* Exercise: Output the listing exactly, without its pictures.

* Material provided:

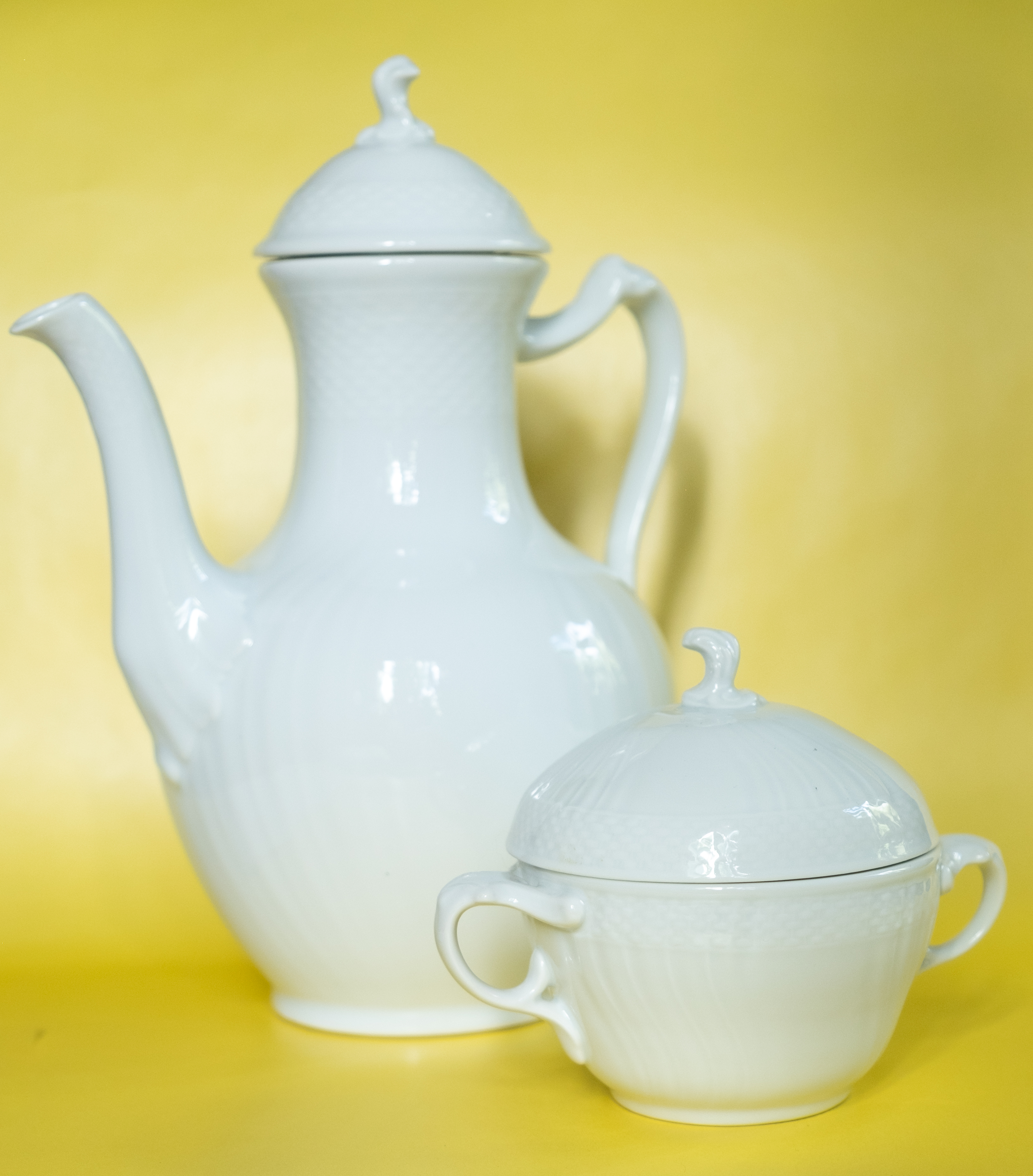 Royal Copenhagen / Kunglig Dansk (Bing & Grøndahl) coffee pot and sugar bowl from the white series Elegance (discontinued to my knowledge). Both the coffee pot and the sugar bowl have never been used and come in mint condition.
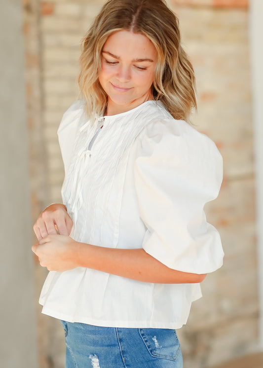 Pleated Cotton 3/4 Sleeve Top - FINAL SALE
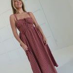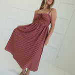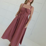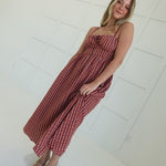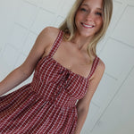 This sleeveless midi dress features a charming plaid pattern with a flattering corset-style front tie that enhances your silhouette. Its comfortable fit and classic design make it perfect for day-to-night wear, offering both style and ease. The brick color adds a warm, inviting touch to your wardrobe, making it a versatile choice for various occasions.
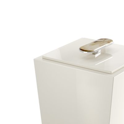 Wood with lacquered ivory gloss finish. The handle of the lid is made of horn and chromed brass

* Solution to this problem:
 Royal Copenhagen / Kunglig Dansk (Bing & Grøndahl) coffee pot and sugar bowl from the white series Elegance (discontinued to my knowledge). Both the coffee pot and the sugar bowl have never been used and come in mint condition.
 Pleated Cotton 3/4 Sleeve Top - FINAL SALE
 This sleeveless midi dress features a charming plaid pattern with a flattering corset-style front tie that enhances your silhouette. Its comfortable fit and classic design make it perfect for day-to-night wear, offering both style and ease. The brick color adds a warm, inviting touch to your wardrobe, making it a versatile choice for various occasions.
 Wood with lacquered ivory gloss finish. The handle of the lid is made of horn and chromed brass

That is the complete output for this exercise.